**EXERCISE DATA:**
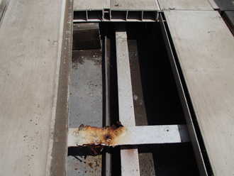 またバルコニーの場合、排水口回りの劣化は大量の雨漏りの原因になりますので、防水層だけでなく排水ドレンの劣化や防水層と排水口との取り合い部分の劣化も要チェックです。排水ドレンを取り外し交換するのは躯体を傷つける恐れもありますので、改修ドレンを差し込んで内部までカバーする施工で雨漏りを防ぎます。
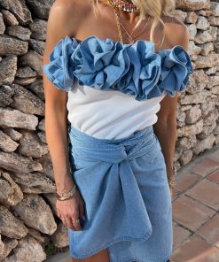 Everyone’s favourite, the denim jaspre now in mini! The wardrobe essential you NEED. So stunning as we’ve styled it with the rose crop top and a wedge but looks just as great with a graphic tee and trainers or office chic with a shirt and sandals. Such a perfect throw on for an effortless look, even carried through the seasons with boots – with so many styling options it’ll be your most worn piece (guaranteed).
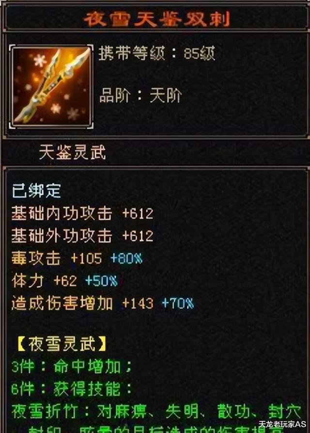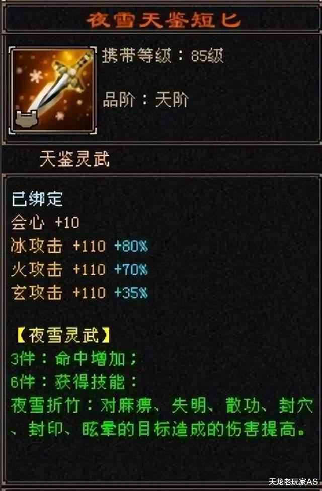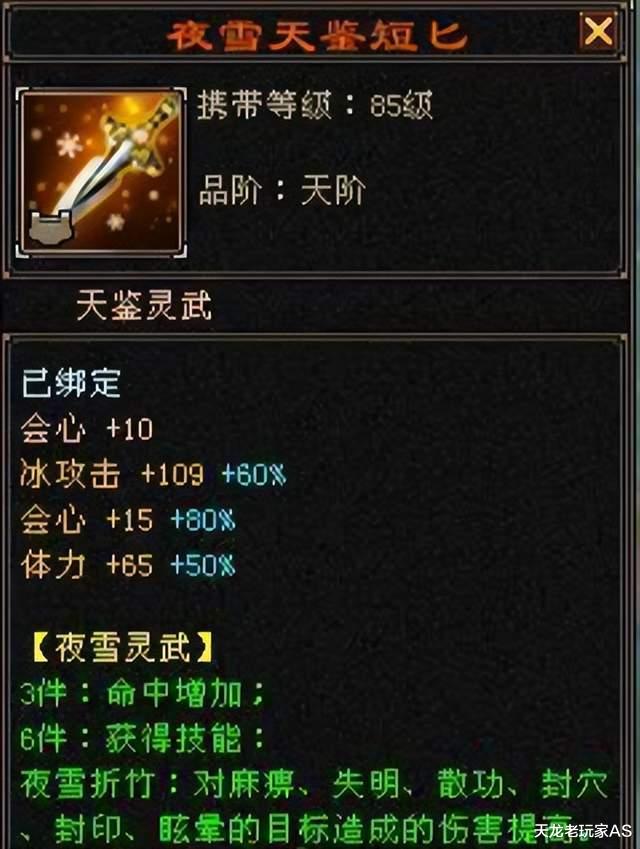 第三件是目前挂价最高的,来自【恶人谷】服务器的冰会体夜雪短匕,也是几乎拉满。

**YOUR OBJECTIVE:** Repeat the data word for word, minus any pictures.

**TASK SOLUTION:**
 またバルコニーの場合、排水口回りの劣化は大量の雨漏りの原因になりますので、防水層だけでなく排水ドレンの劣化や防水層と排水口との取り合い部分の劣化も要チェックです。排水ドレンを取り外し交換するのは躯体を傷つける恐れもありますので、改修ドレンを差し込んで内部までカバーする施工で雨漏りを防ぎます。
 Everyone’s favourite, the denim jaspre now in mini! The wardrobe essential you NEED. So stunning as we’ve styled it with the rose crop top and a wedge but looks just as great with a graphic tee and trainers or office chic with a shirt and sandals. Such a perfect throw on for an effortless look, even carried through the seasons with boots – with so many styling options it’ll be your most worn piece (guaranteed).
 第三件是目前挂价最高的,来自【恶人谷】服务器的冰会体夜雪短匕,也是几乎拉满。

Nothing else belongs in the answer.